5 Tax Tips Your Startup Should Consider Before 2013

5 Tax Tips Your Startup Should Consider Before 2013

As the looming “fiscal cliff” dominates the post-election news cycle, it’s hard to know what tax and financial moves make sense this time of year. In this environment, it’s understandable that startups and self-employed professionals are confused about the next steps.

However, when it comes to tax planning, paralysis isn’t an option. Here are five tax-saving ideas to consider. Of course, these tips represent general advice. Always consult with a tax planner/CPA for insight into your own personal situation.

 

1. Assess Your Profitability

Before making any strategic moves, you need to know if you’ll be in the black or the red for 2012. If you haven’t done so already, take charge of your books to get a full picture of what you’ve made and what you’ve spent for 2012.

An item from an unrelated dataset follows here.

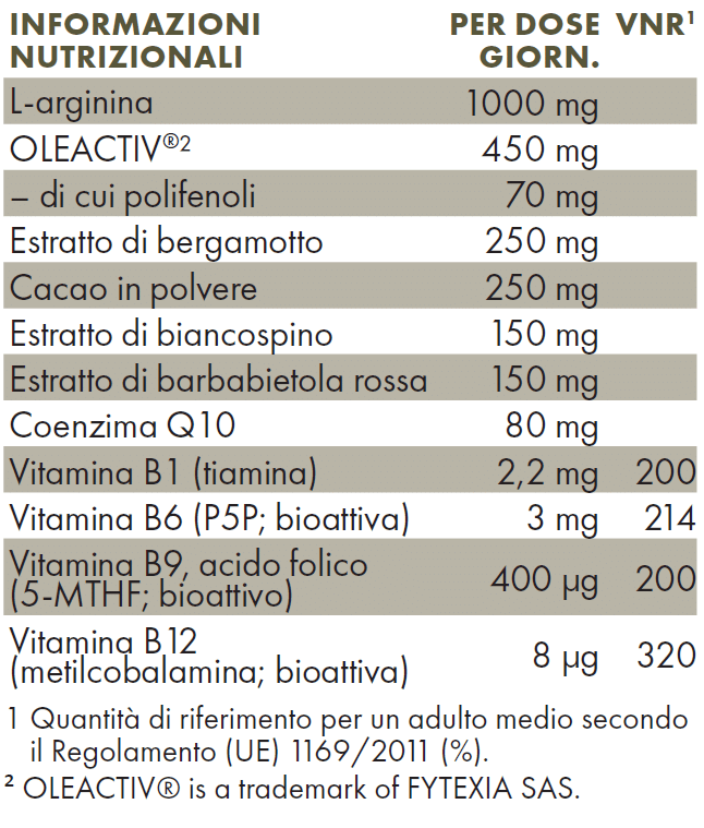 L-arginina, agente di rivestimento: idrossipropilmetilcellulosa (HPMC); OLEACTIV®, estratto di bergamotto, cacao biologico (11 %),

2. Meet With a Tax Advisor

Many tax credits and incentives are set to expire Jan. 1, 2013. According to Bert Seither, director of operations at Corporate Tax Network, the top thing a startup can do between now and the end of the year is to schedule an appointment with an accountant. A 30-minute checkup can save you a lot of money come tax time.

3. Act Before Long-Term Capital Gains and Qualified Dividend Tax Rates Increase

Without congressional action, the maximum tax rate on long-term capital gains will increase from 15% to 20%. The maximum tax rates for qualified dividends will jump from 15% to the ordinary income tax rate (39.6%). For this reason, you should talk to a tax advisor about how to take advantage of 2012’s lower tax rates.

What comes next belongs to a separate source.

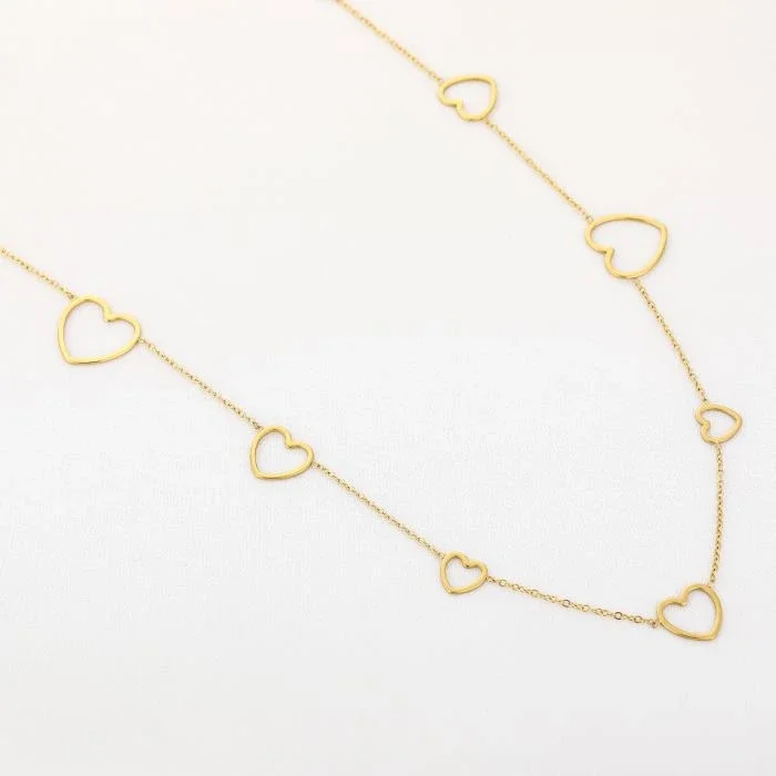 Mooie lange ketting met hartjes. Gemaakt van stainless steel goud en is 75cm

4. Act Quickly to Close and Liquidate Your Business

If you’re planning to liquidate a business, make sure to do so by the end of 2012. By closing your business this year, you won’t be on the hook for any taxes, business licenses or corporation filing fees for 2013. And most importantly, you’ll be liquidating your business before the long-term capital gain and dividend rates go up (or are scheduled to go up) in 2013.

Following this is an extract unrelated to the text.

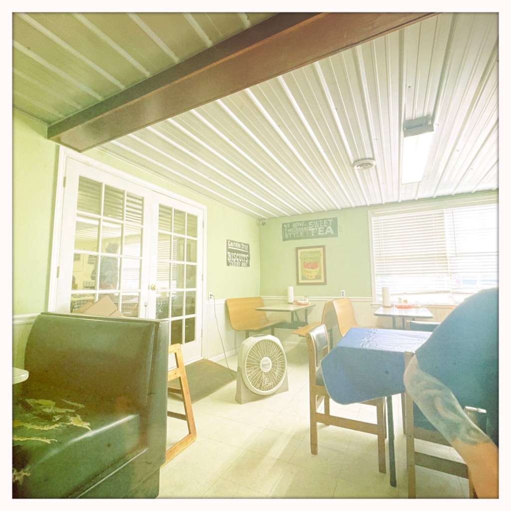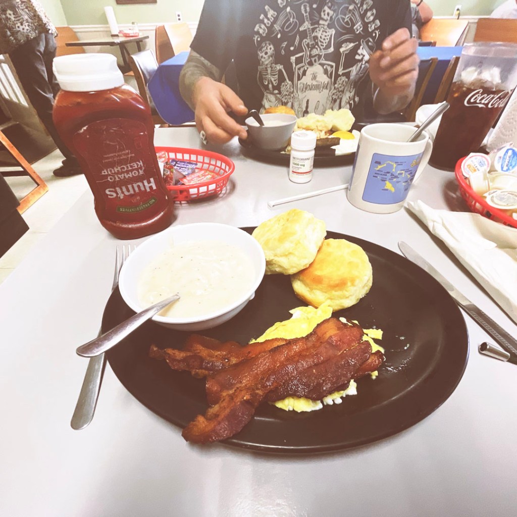 On par de notre Airbnb formidable(hier, on a même rencontré leur deux chiens, des danois géants qui bavent), on dit au revoir aux oiseaux (y’avait des BUSES dans leur jardin) et on hit the road. J’ai vu qu’on moins d’une heure de route y’a un endroit un peu à l’ancienne pour un petit dej dans un micro bled. Quand on arrive, y’a que des pickup garés devant. Théoriquement, les tarifs était imbattable. 1,50$ l’oeuf, 4,50$ les biscuits and gravy. On donne une carte sans prix, et finalement, à l’arrivée ça fait 23$ pour deux, ce qui n’est pas tant moins que dans les endroits plus exotiques chics. Tant pis, c’était pas mal, mais pas ouf. (le gravy, c’était clairement du gravy mix, soit une poudre qu’on trouve au supermarché).

5. Minimize Self-Employment Taxes

If you’re a self-employed pro operating as a sole proprietor, you’re probably very familiar with self-employment taxes. If you’re a sole proprietor, you may want to consider a more formal structure such as an LLC or corporation by the end of the year. Sole proprietorships can have one of the highest audit rates, not to mention some of the highest taxes. Forming an LLC or corporation can give you more flexibility with your tax treatment, as well as give you more deduction options. Talk to a tax advisor about creating a C Corporation, S Corporation or LLC.